Comment by narush
3 days ago
Hey HN, study author here. I'm a long-time HN user -- and I'll be in the comments today to answer questions/comments when possible!
If you're short on time, I'd recommend just reading the linked blogpost or the announcement thread here [1], rather than the full paper.
Hey I just wanted to say this is one of the better studies I've seen - not clickbaity, very forthright about what is being claimed, and presented in such an easy-to-digest format. Thanks so much for doing this.
Thanks for the kind words!
I'll just say that the methodology of the paper and the professionalism with which you are answering us here is top notch. Great work.
Thank you!
It's good to know that Claude 3.7 isn't enough to build Skynet!
(I read the post but not paper.)
Did you measure subjective fatigue as one way to explain the misperception that AI was faster? As a developer-turned-manager I like AI because it's easier when my brain is tired.

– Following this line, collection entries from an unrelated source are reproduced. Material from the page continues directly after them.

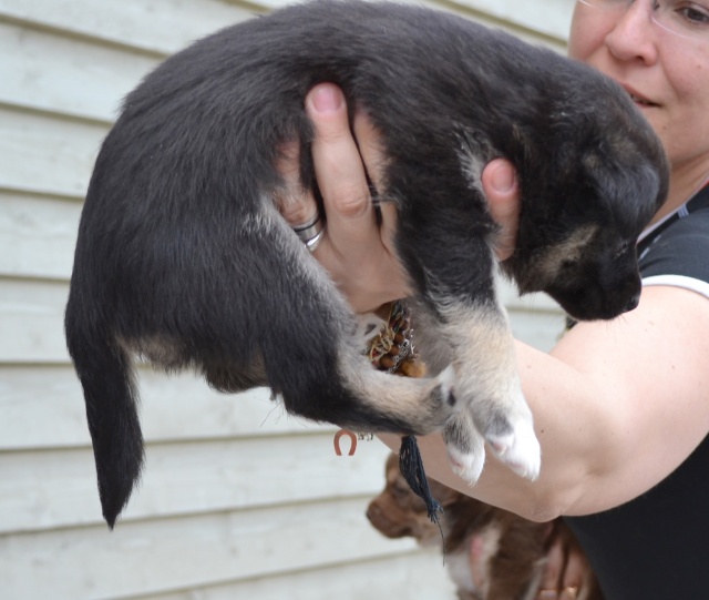 Tegu on siis Mõshka kutsikaga. Kui aus olla, pole me eales näinud niivõrd hüperaktiivset kutsat, kui seda on meie Bella. Ei püsiks ta isegi purgis paigal. :) Ta on visa haukuma, kui märkab eemalt teisi koeri. (tahaks ju mängida). Samuti on ta suur laste sõber..
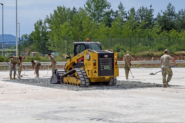 Members of the German air force flatten crushed rocks to fill a crater during an airfield repair demonstration at Ramstein Air Base, Aug. 24. The collaboration between the German air force and Airmen assigned to the 86th Civil Engineer Group during this demonstration fostered trust, promoted shared knowledge, and reinforced the ability to operate seamlessly in multinational environments, ultimately contributing to regional and global stability.
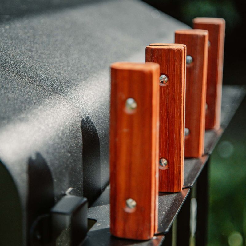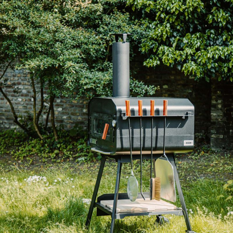 Dit pakket met Vonken pizza accessoires bevat alles wat je nodig hebt voor een knapperige pizza en vele andere gerechten: pizzaschep, ronddraaischep, ovenborstel, pook en uitneembare bak waar alle accessoires gemakkelijk in passen. Gemaakt van roestvrij staal, gerecycled hardhout en aluminium. Alle accessoires zijn gepoedercoat in een hittebestendige coating. Elke tool is compatibel met al onze Vonkens. Er zit een handige pizzaschep bij voor pizza en brood. De pook is erg handig om kolen of houtblokken in de hete oven te verleggen. Met de verstelbare ovenborstel kan je de stenen vloer perfect borstelen of vetresten afschrapen. De stalen haren zorgen voor een harde borstel die het bakoppervlak niet beschadigt. Je veegt de oven moeiteloos schoon, zelfs als het 500°C is. Veeg as en kolen aan de zijkanten als je pizza of brood wilt bakken of als je een ovenschotel wilt bereiden. Ten slotte helpt de ronddraaischep je bij het omdraaien van je pizza terwijl die krokanter wordt in de oven. U kunt de ophangtray aan beide kanten van uw vonken monteren. Dankzij de uitstekende isolatie wordt dit rek nooit warm. Compatibel met elke Vonken-oven.
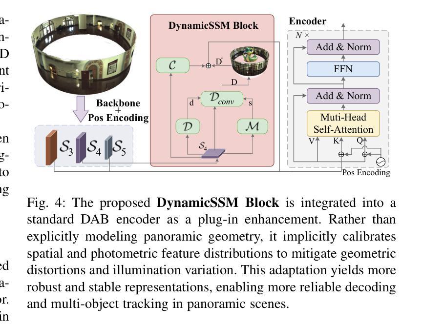 - DynamicSSM模块用于稳定全景特征,并缓解几何失真。
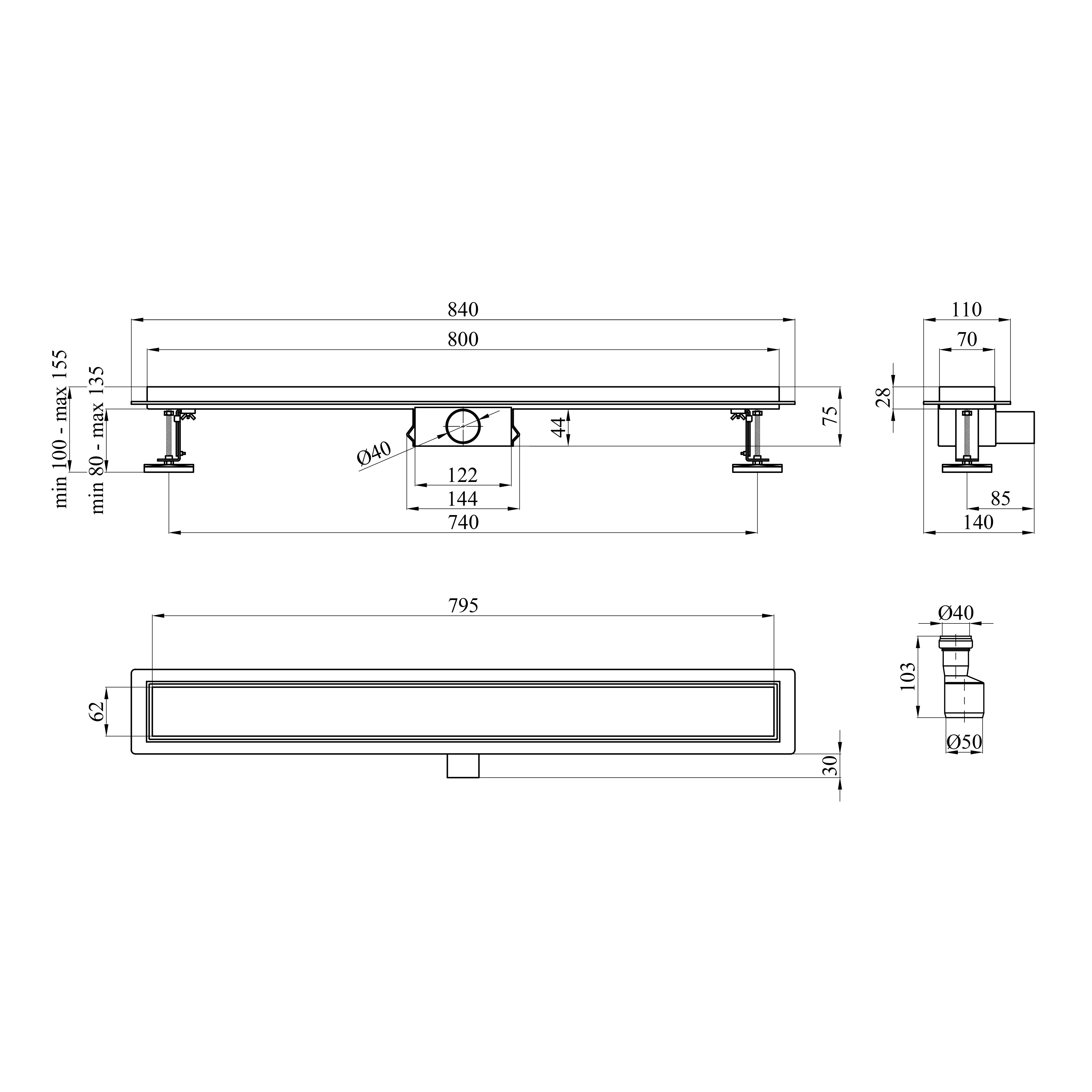 - 100-155х840х140
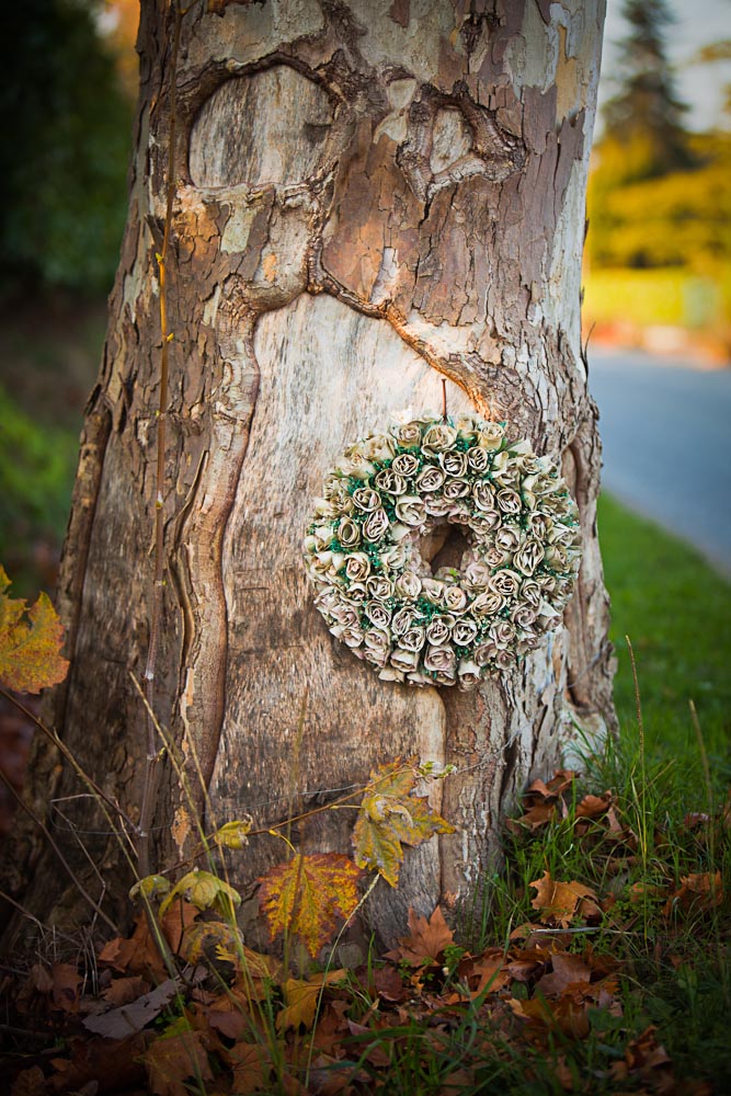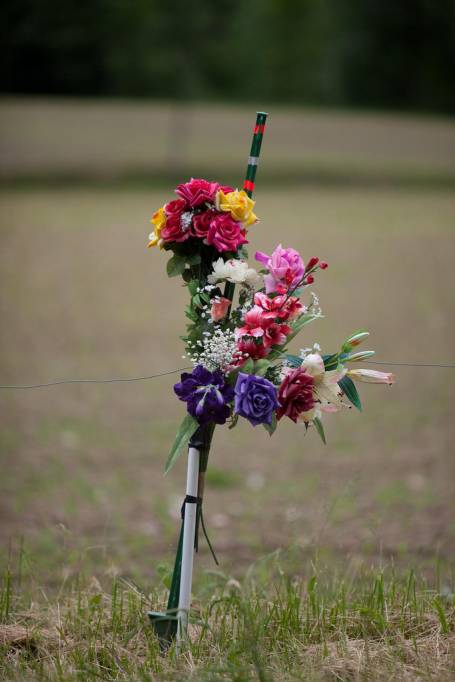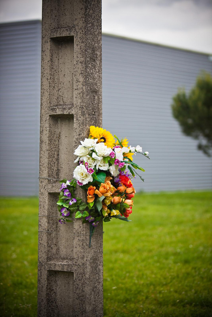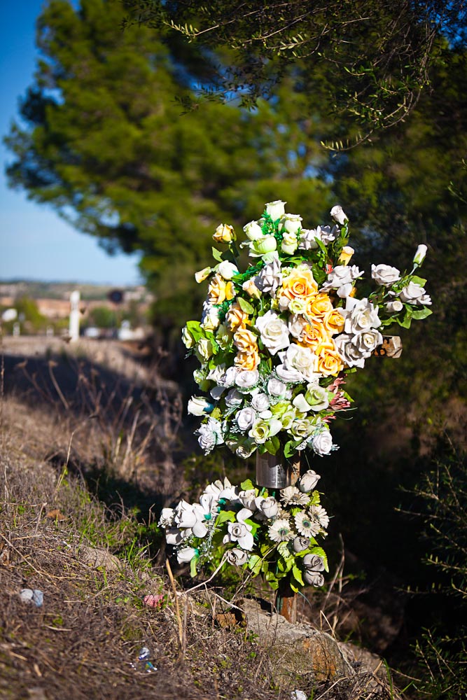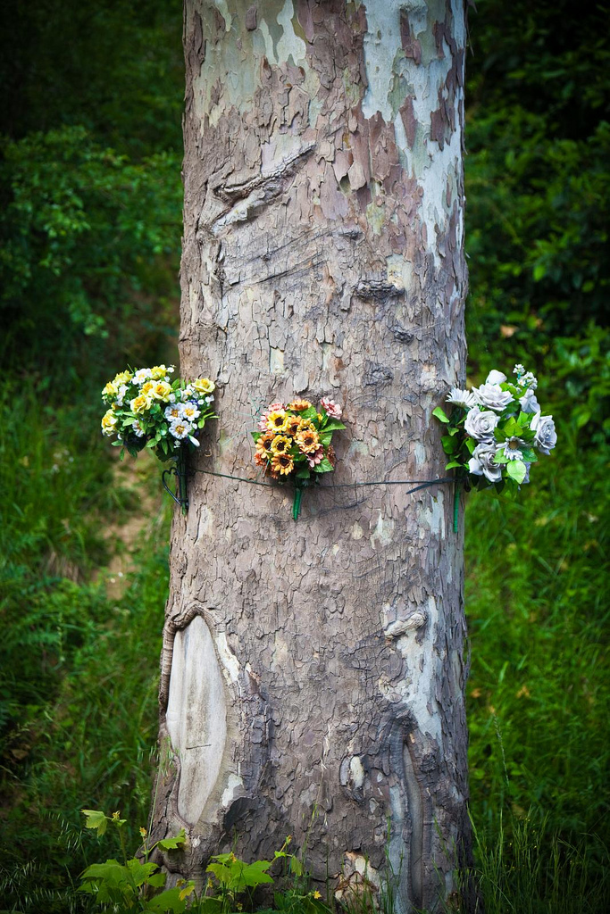 Fleurs fraîches, sèches ou plastiques accrochées à un platane, un poteau, une borne, un pont…
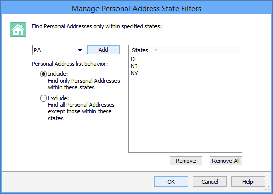 To manage which states are filtered, press the Manage button and the Manage Personal Address State Filters dialog will pop up. Select the states from the dropdown list and press the Add button. When the list is complete you can choose whether Spirion will Include all those states in its requirement or Exclude all those states. By default, the list is an Include list but choose the radio button you prefer. When finished press OK.
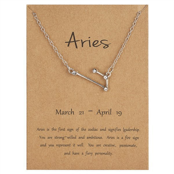 Lantisor cu pandantiv constelatie in functie de zodie, Berbec, placat cu argint, pietre zirconiu, argintiu

We attempted to! We explore this more in the section Trading speed for ease (C.2.5) in the paper (https://metr.org/Early_2025_AI_Experienced_OS_Devs_Study.pdf).
TLDR: mixed evidence that developers make it less effortful, from quantitative and qualitative reports. Unclear effect.
Was any attention paid to whether the tickets being implemented with AI assistance were an appropriate use case for AI?
If the instruction is just "implement this ticket with AI", then that's very realistic in that it's how management often tries to operate, but it's also likely to be quite suboptimal. There are ways to use AI that help a lot, and other ways that hurt more than it helps.
If your developers had sufficient experience with AI to tell the difference, then they might have compensated for that, but reading the paper I didn't see any indication of that.
The instructions given to developers was not just "implement with AI" - but rather that they could use AI if they deemed it would be helpful, but indeed did _not need to use AI if they didn't think it would be helpful_. In about ~16% of labeled screen recordings where developers were allowed to use AI, they choose to use no AI at all!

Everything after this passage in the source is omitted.